▶ _EXERCISE PROMPT_:
Return the exact lines from the one containing "本网讯(审稿:王启佩)3月1" through the final line of the material below, with both ends kept.

::::::::::

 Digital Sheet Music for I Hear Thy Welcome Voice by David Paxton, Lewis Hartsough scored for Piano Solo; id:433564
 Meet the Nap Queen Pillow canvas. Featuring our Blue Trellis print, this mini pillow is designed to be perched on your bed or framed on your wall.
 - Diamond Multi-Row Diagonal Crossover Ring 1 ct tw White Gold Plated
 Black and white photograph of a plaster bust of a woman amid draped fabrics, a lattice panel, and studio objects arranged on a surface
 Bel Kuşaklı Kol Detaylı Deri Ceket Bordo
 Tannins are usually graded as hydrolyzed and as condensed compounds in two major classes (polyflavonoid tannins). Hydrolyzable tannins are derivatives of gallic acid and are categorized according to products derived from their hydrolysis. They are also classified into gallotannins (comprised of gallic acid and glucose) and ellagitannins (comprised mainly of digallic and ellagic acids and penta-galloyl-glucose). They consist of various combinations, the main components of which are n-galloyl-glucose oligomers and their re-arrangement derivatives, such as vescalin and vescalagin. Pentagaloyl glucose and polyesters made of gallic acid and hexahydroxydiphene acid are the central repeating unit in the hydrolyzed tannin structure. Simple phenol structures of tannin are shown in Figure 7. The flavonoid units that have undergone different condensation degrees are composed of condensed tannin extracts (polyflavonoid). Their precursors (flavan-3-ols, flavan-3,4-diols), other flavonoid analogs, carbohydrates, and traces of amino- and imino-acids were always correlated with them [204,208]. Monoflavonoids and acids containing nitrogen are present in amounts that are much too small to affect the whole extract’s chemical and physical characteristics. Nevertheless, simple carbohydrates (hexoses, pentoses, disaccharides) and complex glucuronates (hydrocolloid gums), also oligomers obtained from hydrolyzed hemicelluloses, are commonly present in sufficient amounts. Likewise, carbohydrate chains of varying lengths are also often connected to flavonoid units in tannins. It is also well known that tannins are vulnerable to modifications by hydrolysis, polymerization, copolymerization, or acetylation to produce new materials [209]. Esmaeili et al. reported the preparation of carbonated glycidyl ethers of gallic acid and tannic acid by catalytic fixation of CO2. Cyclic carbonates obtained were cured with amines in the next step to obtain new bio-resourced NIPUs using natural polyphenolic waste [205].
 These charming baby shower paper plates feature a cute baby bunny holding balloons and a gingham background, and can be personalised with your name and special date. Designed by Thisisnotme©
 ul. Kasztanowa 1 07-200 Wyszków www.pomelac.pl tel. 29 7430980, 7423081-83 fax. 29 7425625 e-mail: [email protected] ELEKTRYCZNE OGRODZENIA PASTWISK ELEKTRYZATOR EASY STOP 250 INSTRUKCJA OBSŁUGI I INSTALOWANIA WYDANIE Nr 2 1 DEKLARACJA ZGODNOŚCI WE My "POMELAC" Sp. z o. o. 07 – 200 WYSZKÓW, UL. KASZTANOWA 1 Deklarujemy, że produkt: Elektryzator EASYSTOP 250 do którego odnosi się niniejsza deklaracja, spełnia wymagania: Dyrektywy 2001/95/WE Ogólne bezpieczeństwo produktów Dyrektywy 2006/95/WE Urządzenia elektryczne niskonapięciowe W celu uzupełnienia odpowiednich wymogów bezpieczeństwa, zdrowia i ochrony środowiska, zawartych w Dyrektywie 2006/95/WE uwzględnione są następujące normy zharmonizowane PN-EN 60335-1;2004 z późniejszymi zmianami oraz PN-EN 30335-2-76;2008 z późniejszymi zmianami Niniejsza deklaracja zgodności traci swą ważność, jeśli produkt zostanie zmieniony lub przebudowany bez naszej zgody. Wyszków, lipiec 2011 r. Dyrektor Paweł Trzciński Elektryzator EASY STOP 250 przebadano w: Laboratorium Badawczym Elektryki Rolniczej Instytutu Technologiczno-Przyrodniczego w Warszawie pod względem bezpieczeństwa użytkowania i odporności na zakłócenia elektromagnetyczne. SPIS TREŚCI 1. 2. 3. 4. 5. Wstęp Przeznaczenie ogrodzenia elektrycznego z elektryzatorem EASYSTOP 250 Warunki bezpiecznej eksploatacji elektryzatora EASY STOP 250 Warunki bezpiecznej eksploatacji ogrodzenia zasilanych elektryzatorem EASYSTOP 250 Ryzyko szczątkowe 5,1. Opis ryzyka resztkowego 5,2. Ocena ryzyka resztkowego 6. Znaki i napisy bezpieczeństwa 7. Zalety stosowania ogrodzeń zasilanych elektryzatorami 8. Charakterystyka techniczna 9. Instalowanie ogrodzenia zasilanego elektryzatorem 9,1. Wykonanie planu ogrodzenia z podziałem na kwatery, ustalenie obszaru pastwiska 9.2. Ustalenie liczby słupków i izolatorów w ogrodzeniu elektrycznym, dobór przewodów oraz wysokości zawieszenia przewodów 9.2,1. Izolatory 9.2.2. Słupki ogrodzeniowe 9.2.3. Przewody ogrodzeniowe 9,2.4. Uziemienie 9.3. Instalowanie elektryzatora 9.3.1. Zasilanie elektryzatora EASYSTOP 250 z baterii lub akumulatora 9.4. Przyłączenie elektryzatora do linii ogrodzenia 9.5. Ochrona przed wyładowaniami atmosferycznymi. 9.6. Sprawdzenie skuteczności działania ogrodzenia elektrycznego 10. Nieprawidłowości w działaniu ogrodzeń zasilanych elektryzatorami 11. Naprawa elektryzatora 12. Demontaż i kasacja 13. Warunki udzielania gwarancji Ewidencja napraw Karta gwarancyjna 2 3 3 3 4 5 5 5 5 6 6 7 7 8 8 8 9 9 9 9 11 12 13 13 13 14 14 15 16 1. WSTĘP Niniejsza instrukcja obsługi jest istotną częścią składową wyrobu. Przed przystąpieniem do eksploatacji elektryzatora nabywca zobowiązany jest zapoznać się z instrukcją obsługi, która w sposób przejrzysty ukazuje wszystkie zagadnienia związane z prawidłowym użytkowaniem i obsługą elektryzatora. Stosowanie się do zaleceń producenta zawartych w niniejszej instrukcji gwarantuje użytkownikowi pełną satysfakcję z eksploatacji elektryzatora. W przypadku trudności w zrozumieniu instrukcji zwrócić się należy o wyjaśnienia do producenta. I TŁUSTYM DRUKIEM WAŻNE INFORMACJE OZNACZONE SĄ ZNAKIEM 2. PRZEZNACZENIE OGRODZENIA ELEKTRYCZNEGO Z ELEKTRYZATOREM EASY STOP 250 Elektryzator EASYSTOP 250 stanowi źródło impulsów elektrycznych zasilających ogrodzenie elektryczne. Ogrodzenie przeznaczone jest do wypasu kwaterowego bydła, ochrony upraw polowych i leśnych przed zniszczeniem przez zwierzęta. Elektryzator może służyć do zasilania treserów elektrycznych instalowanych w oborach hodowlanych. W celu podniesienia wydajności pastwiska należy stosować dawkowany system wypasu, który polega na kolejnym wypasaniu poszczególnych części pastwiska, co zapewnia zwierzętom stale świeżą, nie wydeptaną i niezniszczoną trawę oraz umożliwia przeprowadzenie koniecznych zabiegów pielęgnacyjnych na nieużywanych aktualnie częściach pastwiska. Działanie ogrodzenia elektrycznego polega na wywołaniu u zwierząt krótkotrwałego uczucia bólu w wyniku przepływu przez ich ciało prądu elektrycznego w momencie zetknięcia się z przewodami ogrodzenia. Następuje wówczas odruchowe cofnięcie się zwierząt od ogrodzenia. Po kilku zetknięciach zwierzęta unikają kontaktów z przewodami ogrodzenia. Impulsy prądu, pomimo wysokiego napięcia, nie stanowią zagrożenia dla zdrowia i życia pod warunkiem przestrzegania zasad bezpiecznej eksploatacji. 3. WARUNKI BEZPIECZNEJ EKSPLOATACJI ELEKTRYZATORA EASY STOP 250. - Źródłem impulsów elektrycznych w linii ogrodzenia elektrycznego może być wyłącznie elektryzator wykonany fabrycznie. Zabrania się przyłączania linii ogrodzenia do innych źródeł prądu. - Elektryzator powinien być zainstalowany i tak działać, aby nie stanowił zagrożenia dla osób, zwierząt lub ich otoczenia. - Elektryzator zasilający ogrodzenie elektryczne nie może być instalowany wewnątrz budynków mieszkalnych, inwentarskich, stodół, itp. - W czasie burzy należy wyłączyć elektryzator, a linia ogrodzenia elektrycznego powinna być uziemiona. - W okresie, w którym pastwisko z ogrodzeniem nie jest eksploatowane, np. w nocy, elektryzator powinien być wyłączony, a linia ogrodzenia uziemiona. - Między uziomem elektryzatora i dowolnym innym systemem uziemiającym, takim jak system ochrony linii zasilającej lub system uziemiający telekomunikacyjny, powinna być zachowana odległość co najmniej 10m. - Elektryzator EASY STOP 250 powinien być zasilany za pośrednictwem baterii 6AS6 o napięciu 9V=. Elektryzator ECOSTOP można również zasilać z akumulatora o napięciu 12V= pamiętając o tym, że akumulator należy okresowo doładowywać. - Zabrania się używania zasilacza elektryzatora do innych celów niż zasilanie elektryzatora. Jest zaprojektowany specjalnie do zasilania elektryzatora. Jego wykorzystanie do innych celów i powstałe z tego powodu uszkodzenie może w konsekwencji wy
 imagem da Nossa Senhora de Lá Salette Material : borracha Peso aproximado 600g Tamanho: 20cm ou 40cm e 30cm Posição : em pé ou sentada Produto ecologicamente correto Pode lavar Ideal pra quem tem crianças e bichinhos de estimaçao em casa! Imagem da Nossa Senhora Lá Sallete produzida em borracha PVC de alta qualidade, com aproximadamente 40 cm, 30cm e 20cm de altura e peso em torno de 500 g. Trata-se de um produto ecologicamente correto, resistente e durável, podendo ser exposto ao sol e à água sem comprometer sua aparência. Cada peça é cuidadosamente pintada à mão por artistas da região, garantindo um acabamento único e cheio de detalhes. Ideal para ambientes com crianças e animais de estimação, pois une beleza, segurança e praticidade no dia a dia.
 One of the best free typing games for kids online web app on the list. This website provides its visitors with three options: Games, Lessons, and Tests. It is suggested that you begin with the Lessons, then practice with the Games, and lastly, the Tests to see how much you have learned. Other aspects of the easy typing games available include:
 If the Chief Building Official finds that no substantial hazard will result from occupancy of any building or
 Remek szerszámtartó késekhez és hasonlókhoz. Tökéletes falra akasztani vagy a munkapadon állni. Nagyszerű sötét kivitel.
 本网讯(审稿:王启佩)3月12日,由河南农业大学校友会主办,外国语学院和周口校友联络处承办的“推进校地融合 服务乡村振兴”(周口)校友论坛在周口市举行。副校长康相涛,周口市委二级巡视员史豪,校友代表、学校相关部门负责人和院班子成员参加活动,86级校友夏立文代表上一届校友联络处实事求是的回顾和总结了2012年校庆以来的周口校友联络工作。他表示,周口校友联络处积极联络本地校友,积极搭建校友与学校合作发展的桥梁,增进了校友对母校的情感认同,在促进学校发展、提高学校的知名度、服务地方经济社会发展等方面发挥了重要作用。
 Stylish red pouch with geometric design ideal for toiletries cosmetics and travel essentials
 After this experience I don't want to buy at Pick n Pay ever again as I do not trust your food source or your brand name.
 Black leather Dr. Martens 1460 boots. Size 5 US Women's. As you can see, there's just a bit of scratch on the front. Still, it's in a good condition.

::::::::::

▶ _RESPONSE_:
 本网讯(审稿:王启佩)3月12日,由河南农业大学校友会主办,外国语学院和周口校友联络处承办的“推进校地融合 服务乡村振兴”(周口)校友论坛在周口市举行。副校长康相涛,周口市委二级巡视员史豪,校友代表、学校相关部门负责人和院班子成员参加活动,86级校友夏立文代表上一届校友联络处实事求是的回顾和总结了2012年校庆以来的周口校友联络工作。他表示,周口校友联络处积极联络本地校友,积极搭建校友与学校合作发展的桥梁,增进了校友对母校的情感认同,在促进学校发展、提高学校的知名度、服务地方经济社会发展等方面发挥了重要作用。
 Stylish red pouch with geometric design ideal for toiletries cosmetics and travel essentials
 After this experience I don't want to buy at Pick n Pay ever again as I do not trust your food source or your brand name.
 Black leather Dr. Martens 1460 boots. Size 5 US Women's. As you can see, there's just a bit of scratch on the front. Still, it's in a good condition.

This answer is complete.